Sergeant Lawrence Brown of the Plainfield Police Department was qualified as an expert on gang culture. He testified a five-star general would run the G-Shine gang in Plainfield, and his superior would be an OG, a sort of regional manager. According to Sergeant Brown, a gang member who followed gang protocol could be promoted, while one who broke protocol could be disciplined, and only the OG could authorize labeling someone as "food."

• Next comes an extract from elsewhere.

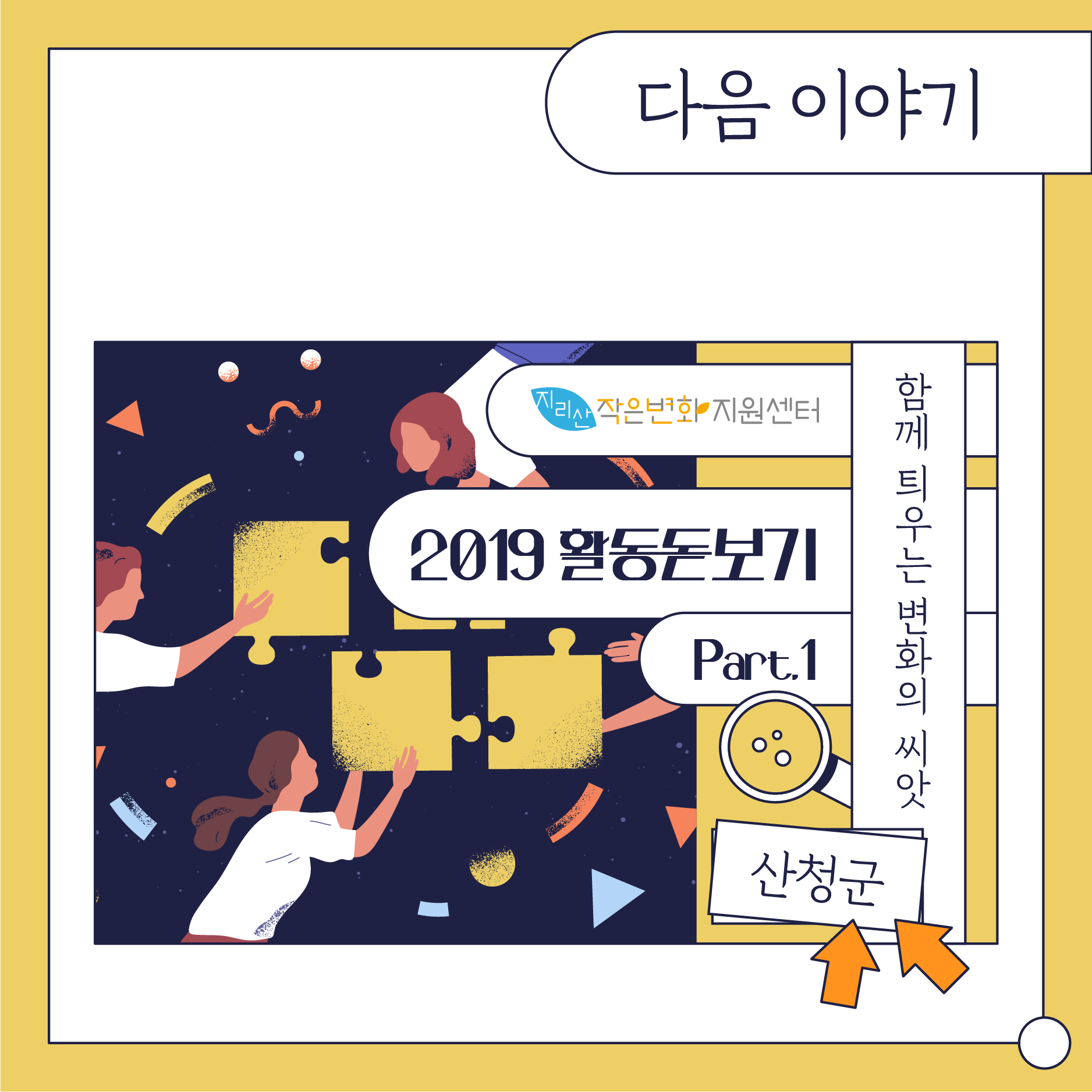 우리 곁에서 하루하루 조금씩 피어나는 작은변화들을 잊지 않도록, 2019년에 지리산작은변화지원센터에서 지역사회와 함께 진행한 활동들을 되돌아봅니다.

Detective John Marcelli of the gang intelligence unit was qualified as a gang expert. He testified G-Shine would, as a rule, investigate allegations someone was a "snitch" before taking action. According to Detective Marcelli, one way to do so would be to see whether the person's name appeared in another person's discovery. Without proof, there would be no "green light," but if there was proof, the snitch would either be disciplined or labeled "food."

Detective Marcelli was permitted to read a number of letters, written to and from defendant, into the record and to interpret for the jury sections he identified as coded language, directing others to impose punishment or gang discipline on Price because such statements indicated consciousness of guilt.2

The defense produced no witnesses. During the charge conference, the State requested the court include a charge for conspiracy or accomplice liability. The trial judge rejected the suggestion because there was no evidence in the record to support the theory another person was the shooter. Defense counsel requested the court's permission to tell the jury that accomplice liability was no longer in the case. The request was denied.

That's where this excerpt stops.